Data Administrator: The data administrator is responsible for ensuring that the database is available to all necessary users. He also ensures that it is operating properly and is secure from hacking.
Business Analyst: This individual is responsible for improving business procedures. He/she serves as a liaison between the business executive team and the IT department.
Data/Analytics Manager: Data analytics managers oversee a team of data analysts. They supervise an analytics department's work and ensure its accuracy. They are also in charge of designing systems for efficient data analysis and reporting. They will require a combination of data analysis and business abilities to accomplish so.
If you've been reading this post, you've probably made an educated guess about the increase in data science careers.
Since 2012, there has been a 650 per cent increase in data science occupations, according to LinkedIn. Glassdoor provides proof for this allegation since they had approximately 1700 job listings in 2016 with data science as the major role. That figure grew to 4500 in 2018, before levelling off around 6500 in 2020.

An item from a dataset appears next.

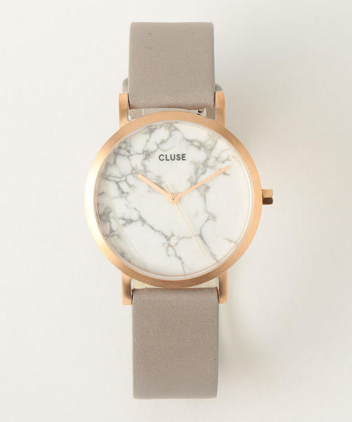 フェイスサイズ33mmの本物の大理石を使用したシリーズ「ラ・ロッシュ」。上質感漂うレザーバンドに、洗練された上品なフェイスデザインが、大人の女性にぴったりの仕上がりです。ベルトの付け替えはイージーレバーを採用しており、工具を使わず30秒でベルト交換ができる事も嬉しさの一つ。時計も軽い為使い勝手が良く、シーンを選ばず、ご愛用いただけます。プレゼントや保管時に嬉しいケース付き。<CLUSE>オランダ発のウォッチブランド<CLUSE (クルース)>。“あなたの最高の瞬間を切り取る”をコンセプトに、時間を見る一瞬さえも美しさを感じることができるように、エレガンスでシンプルにデザインされた時計を作成しています。※商品お届けの際の納品書は、お買上日を証明する書類として保証書と共に大切に保管して下さい。(コマ詰めや、修理などの際に必要となります。) ※こちらの時計をお買い求めの場合、電池サービスカードは付属しません。予めご了承ください。■こちらの商品は天然石を使用しておりますので、一点一点色味や柄に個体差がございます。店舗へお問い合わせの際は、全国のBEAUTY & YOUTH 各店舗まで下記の品名/品番をお申し付け下さい。品名:FC CLUSE MRBL 33 PG L/WC 品番:1843-499-0646

COVID-19 was the big news in 2020, and it's likely that's what's causing this levelling out. Overall, IT jobs have held up well during the pandemic, which is in its tenth month.
Demand for Data Scientists remains high, while supply is limited. According to IBM, this trend will continue for many years to come. The United States Bureau of Labor Statistics is another trustworthy source that agrees with this statement.
Is data science still a growing field in 2021? Yes, it is a resounding YES! Data Scientists are in high demand all over the world, and the absence of competition for these positions makes data science a very lucrative career choice.